# Cheaper to reload hevi-shot?



## Heavy Hitter (Dec 10, 2004)

Can anyone tell me the price per shell it costs to reload Hevi-Shot? My brother is trying to tell me that its cheaper to buy factory rather than reload? My better judgement is telling me this is not true!!! If it is however I guess I will have to eat my words.

Thanks for the help.


----------



## adokken (Jan 28, 2003)

i purchase my Hevi-Shot packages from Ballistic products, For the 3' package the price is 124.99 but does not include powder. Chances are that you a reloader and have a scale,etc. This includes 100 primed cases and all the components.
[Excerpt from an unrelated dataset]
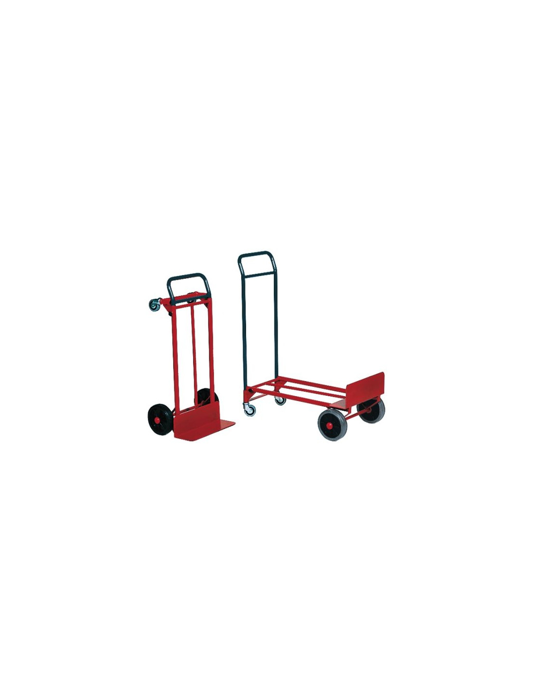 Carro convertible fácilmente en plataforma con unas dimensiones de 830 x 360. Fabricado en tubo de acero muy resistente. Dos ruedas de goma maciza y dos de goma gris. Capacidad de carga 150Kg.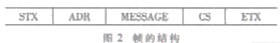 射頻識別模塊采用瑞典TagMaster AB 公司的2.4GHz 產品S1510。該模塊體積小, 專為手持設備設計,可以采集1米內各種電子標簽上的數據。它通過USART串口與處理器通信, 接口簡單, 易于硬件實現。為了保證數據的可靠傳輸, 模塊與微處理器通信采用TagMaster AB公司開發的應答式串口通信協議ConfiTalk。ConfiTalk 協議是一種面向字符的應答式串行通信協議。它每次傳輸一定長度的數據塊( 幀) ,每個幀包含幀頭(STX)和幀尾(ETX)。為了提高數據傳輸的可靠性,每幀又加入了8 位的校驗位(CS)及地址位(ADR)。幀的結構如圖2。

Good luck :beer:


----------



## buckseye (Dec 8, 2003)

Hey adokken.. did that big green monster come out of the Mouse or the brandy bottle. :lol: Did hevi-steel bring him down? :lol:


----------



## dakotashooter2 (Oct 31, 2003)

I recall seeing a bottle of heavishot for about $109 or $119 a 7 lb bottle. (Bismuth runs about $80).That is about $1 per ounce. I think the wads run 10 or 15 cents, 2 cents for the primer, probably 5-10 cents for powder and figure a dime for the hull. Your probably around a $1.50 -$1.60 per round on a 1 1/4 oz load.


----------